Mariana Boroni PhD – co-founder and Head of Bioinformatics. Head of Bioinformatics and Computational Biology Lab at the Brazilian National Cancer Institute. Co-inventor of 7 patents and has published in more than 35 peer-reviewed papers in scientific journals. Juliana Carvalho PhD – co-founder. Trained in molecular biology, biochemistry and immunology. Professor of Pathology and Faculty of Medicine at the University of Brasilia. Co-inventor of 10 patents and has published in 50 peer-reviewed papers in scientific journals.
“We want to be transparent about our developmental process, and we want to empower people to take action about their health. We want to demonstrate a warmth and approachability for our customers, but never forget it’s all about the science!”
OneSkin boasts a strong team of female leaders and scientists that supplement each other with their diverse backgrounds. There are several components of OneSkin’s strategy that makes it unique as an Advanced Aesthetic’s company:
- They are the first company to target aesthetic health with topical senotherapeutics
- They have created the very first biological aging clock that is specifically for the skin and can be used to screen and validate longevity enhancing compounds
- They use state-of-the-art laboratory models to generate preclinical data, including 3D culturing of skin cells from fresh, human biopsies. This offers an unprecedented level of personalisation and data collection
- The OneSkin founders pride themselves in creating educational content that addresses skin health, aging and overall longevity. OneSkin’s connection and dedication to their customer’s go even deeper than this, as their “customer family” is consistently updated on preclinical results fresh from the lab as well as results from completed clinical trials. This data is presented in a way that helps their customers make key health decisions as well as engage and motivate them to optimise their longevity regimens.

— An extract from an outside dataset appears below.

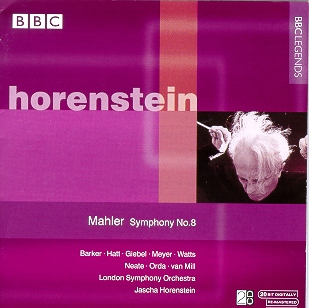 A history lesson first. In early 1958 the BBC, in the shape of Robert Simpson then a senior BBC executive, decided they would mark the centenary of Gustav Mahler's birth by mounting a cycle of his symphonies in 1960. Bernard Keeffe, also working at the BBC, was asked by Simpson to be in charge of some of the broadcasts. Then, in late 1958, the BBC's Third Programme (forerunner of Radio 3) found itself under budget for the year ending March 1959 and knew if the excess wasn't spent it would find its budget for the following year cut. Consequently Simpson and Keeffe were asked to come up with a project for the first half of 1959 to mop up the cash. They decided a broadcast of the most expensive concert item in the repertory; Mahler's Eighth would fit the bill and act as curtain raiser to their Mahler cycle the following year. Keeffe had just five months to put the enterprise together and knew he was a man with problems. Firstly, hardly anyone in London knew the work. The last performance had been in 1948 under Boult and that had only been the third ever in Britain. He also had to find a hall, choirs, soloists and orchestra. Most crucially he had to find a conductor who could not only conduct the work but also teach the Mahler style to performers who, in 1959, were largely unfamiliar with it. One name stood out - Jascha Horenstein. Keeffe knew Horenstein's work, and crucially his Mahler, from pioneering Vox recordings and was delighted when he secured his services at such short notice. He must, however, have been aware that not even Horenstein had conducted the work before. This is the background to the remarkable concert performance of March 20th 1959 preserved on these CDs. By then the London Symphony Orchestra had been engaged, the best choirs in London (which Bernard Keeffe would train), the composer/conductor Berthold Goldschmidt as Horenstein's "first lieutenant" and a team of superb soloists. In the latter case Keeffe engaged a full team of stand-ins. There were two reasons for this. With the parts so unfamiliar, Keeffe knew if any of the soloists became ill it would be impossible to engage replacements. It also mopped up more money, as also had the involvement of the BBC engineers who decided to attempt their first stereo concert relay. The Royal Albert Hall had been hired as the only venue in London worthy of the event but only a Friday was available. This meant the largely amateur choirs would not be able to take part in a full rehearsal there in the morning of the concert so that took place with everyone crammed into the concert hall of the Royal College of Music the previous night. The actual performance was therefore the first time the whole ensemble of 756 musicians and singers (including, in the enhanced 130-piece LSO, Hugh Maguire as Concert Master, Neville Marriner leading the second violins, James Galway on the piccolo, Barry Tuckwell leading the horns and Gervase de Peyer the clarinets) actually performed any of the work in the Royal Albert Hall all together. Bernard Keeffe went to wish Horenstein luck before he took to the platform on the night. He looked nervous. "I face the greatest artistic challenge of my career," he told Keeffe. The concert itself and its live broadcast went into legend. It is said, with justification, that this was the event that began the Mahler boom in Britain, reinforced by the full cycle in London the following year (conducted by Horenstein, Barbirolli, Steinberg, Susskind and Boult). The reaction of the six-and-a-half thousand strong full house at the close of the work, vividly captured on these discs, is contemporary evidence enough. The BBC recorded the concert and transcription discs went out to radio stations around the world. Unfortunately there was a glitch and the quality of the discs was impaired which did little to endear the recording to station managers. Then, for many years, it was never heard of again to the extent that many came to believe the BBC had either lost the master tape, destroyed it, or never even possessed it in the first place. Around 1970 I remember being told quite seriously that they had not bothered to record it at all. In the 1980s bootleg versions from the transcription discs started to appear on LP and then a CD version taken from those LPs. The quality of all these illegal issues was very poor but it confirmed what all the old British Mahler hands had said - here was a very great performance. It also added impetus for an official release, if only the BBC still had their original tape and would do the decent thing. At last, some pestering brought a letter in Gramophone magazine from the BBC. Not only did they still have the original tape well preserved they had also made a digital copy and were considering an issue. There were a couple of false starts but this was militated a little by a broadcast of that digital tape in February of 1997 where, at last, the quality of what the archives still held was plain to hear for anyone with two ears and a stereo tuner (and recording equipment!) Now, the BBC have at last issued a 20-bit remastered version as part of their new series of CD issues on their own label, BBC Legends, which represents, to quote the publicity material, "the official unlocking of the BBC archives" over the next three years. The first ten releases are available in the UK now and will go on worldwide sale early in the New Year. Let's deal with the sound first. Having heard various airchecks and pirates of this down the years I thought the broadcast of February 1997 was as good as it would get, (taking into account the "limiting" used in FM broadcasts) but there is no doubt the remastering engineers have gone two, even three, stages further to produce a sound needing few apologies except to the most determined hi-fi fanatic. The remastering has been done by the same engineer who did the Millennium releases of the old Westminster catalogue, Marcus Herzog at Syrinx of Hamburg. Not surprising since the sa

- OneSkin’s dedication to democratising longevity goes beyond the individual human, as they are also concerned with the longevity of the planet. This is reflected by their partnerships with Zero Carbon and efforts to use environmentally friendly, green and sustainable packaging and distribution. “We are committed to environmental sustainability and protecting the planet. We constantly aim to reduce our environmental impact while creating cutting-edge, scientifically formulated topical supplements that improve the health, appearance and vitality of the skin”
As of July 2022, OneSkin has raised a total of US$ 13.3 million from two investment rounds.